Waar mensen aan dezelfde tafel zitten, zitten ze niet noodzakelijk in dezelfde positie.
Het is het niet prettig om de vraag naar een vergoeding zelf op tafel te leggen. Je weet dat je inhalig kan overkomen, alsof geld belangrijker is dan nobele doelen. En het is ronduit vernederend als je moet uitleggen dat je zo krap zit in tijd en geld dat dit er niet bij kan als er niets tegenover staat.
Als het onderwerp ‘zitpenningen’ al eens ter sprake komt op een raad van bestuur, staat er altijd wel iemand klaar om te benadrukken dat dat nergens voor nodig is. Waar gaan we naartoe als we ook al dit engagement cash moeten vergoeden?
Dit is waar we naartoe gaan als we het niet hebben over vergoedingen: uitsluiting. Waar mensen aan dezelfde tafel zitten, zitten ze niet noodzakelijk in dezelfde positie. De meeste mensen worden betaald als medewerker van de organisatie die ze vertegenwoordigen. Voor sommigen zijn het overuren, die ze al dan niet mogen inhalen. Zelf zat ik op menige vergadering en conferentie – wellicht als enige – in de positie dat ik verlof moest nemen om erbij te zijn.
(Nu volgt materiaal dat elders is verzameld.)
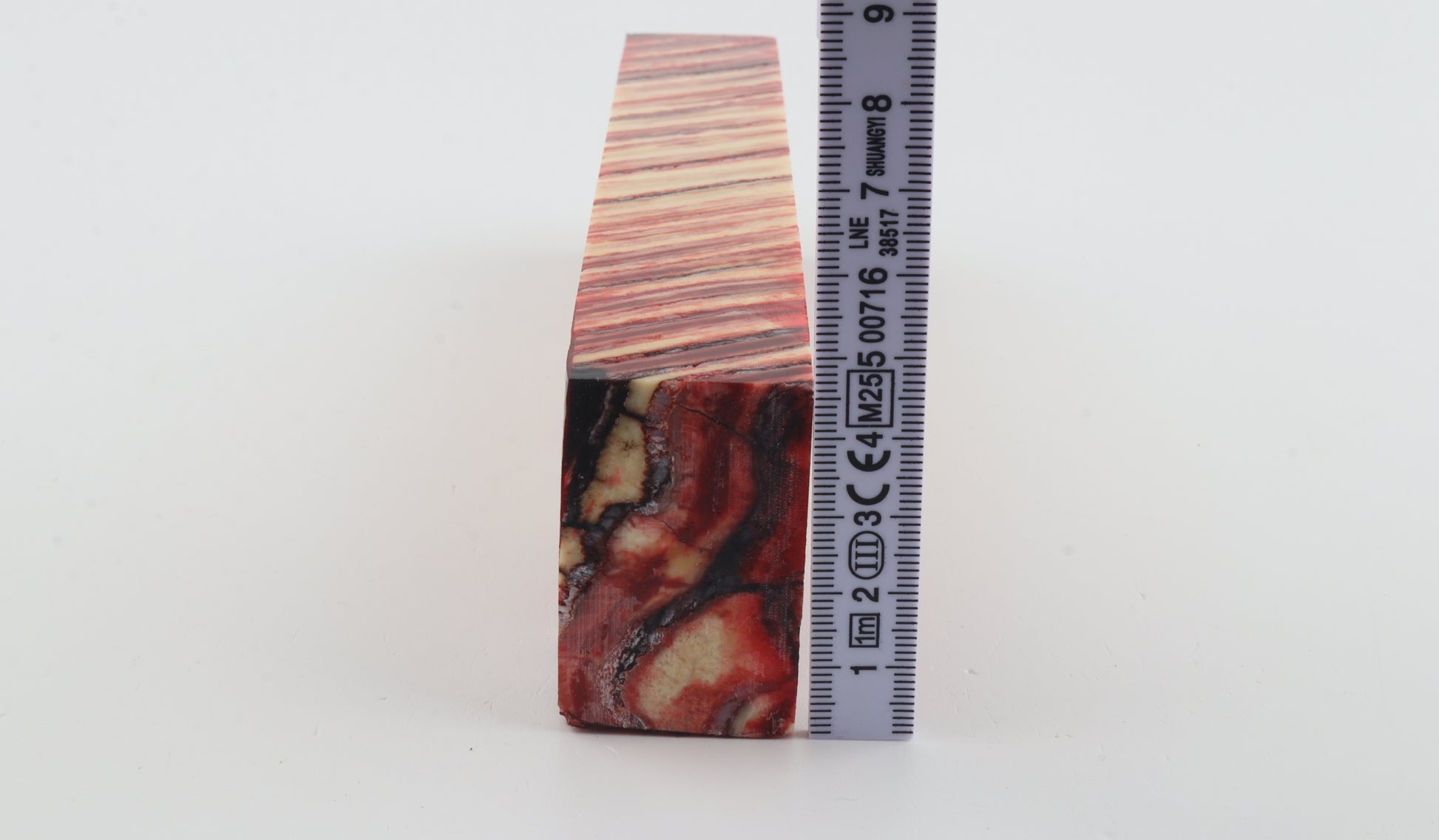This is a large, cross-cut, stabilized woolly mammoth molar block (Mammuthus primigenius). This molar block can be precision-cut, drilled, sanded, polished etc. to achieve the desired results. Consistent width and thickness. The colour of the molar is a mix of creme, red and pink.

Met dat besef klonken die ronkende woorden over engagement me toch wel wrang in de oren.
Royaal strooien met tijd is een privilege dat niet willekeurig verdeeld is. Voor ouders van jonge kinderen is het moeilijker om zich te engageren voor de zoveelste avondvergadering. Voor alleenstaande ouders nog meer. Voor moeders nog altijd meer dan voor vaders. In het terechte streven naar verjonging en vervrouwelijking van menig orgaan, loont het de moeite om bij die factoren stil te staan en het taboe op vergoedingen te doorprikken.
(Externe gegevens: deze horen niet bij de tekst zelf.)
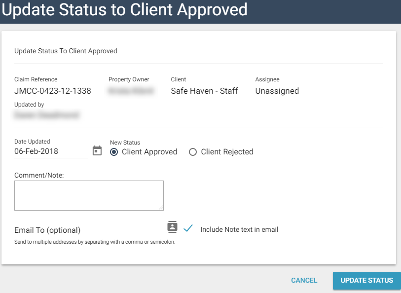 - Click Go. The Update Status to Client Approved dialogue box appears.
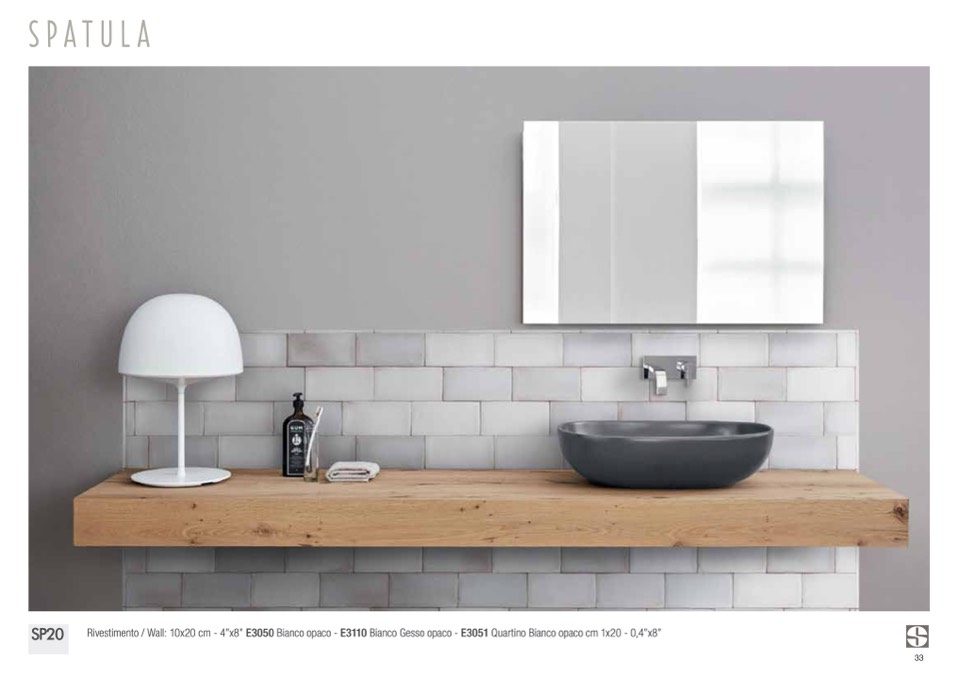 Rivestimento / Wall: 10x20 cm - 4”x8” E3050 Bianco opaco - E3110 Bianco Gesso opaco - E3051 Quartino Bianco opaco cm 1x20 - 0,4”x8”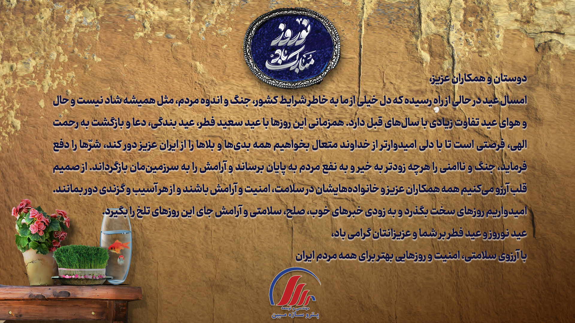 دوستان و همکاران عزیز،امسال عید در حالی از راه رسیده که دل خیلی از ما به خاطر شرایط کشور، جنگ و اندوه مردم، مثل همیشه شاد نیست و حال و هوای عید تفاوت زیادی با سالهای قبل دارد. همزمانی این روزها با عید سعید فطر، عید بندگی، دعا و بازگشت به رحمت الهی، فرصتی است تا با دلی امیدوارتر از خداوند متعال بخواهیم همه بدیها و بلاها را از ایران عزیز دور کند، شرّها را دفع فرماید، جنگ و ناامنی را هرچه زودتر به خیر و به نفع مردم به پایان برساند و آرامش را به سرزمینمان بازگرداند.

Tien euro betekent voor de een niet hetzelfde als voor de ander. Wie de terugbetaling niet nodig vindt, kan ze weigeren.
Dan heb ik het voor de duidelijkheid niet over exuberante bedragen. Een billijke tegemoetkoming voor de tijd die iemand investeert om deel te nemen en zich voor te bereiden, volstaat. Dat is momenteel in veel sociale organisaties nog onbespreekbaar. Ik doel dan niet op de kleine vzw om de hoek, maar op professionele organisaties. Zelfs de terugbetaling van verplaatsingskosten, ook daar moeten mensen soms beschroomd zelf om vragen. Vaak volgt dan een positief en vriendelijk antwoord, dat wel.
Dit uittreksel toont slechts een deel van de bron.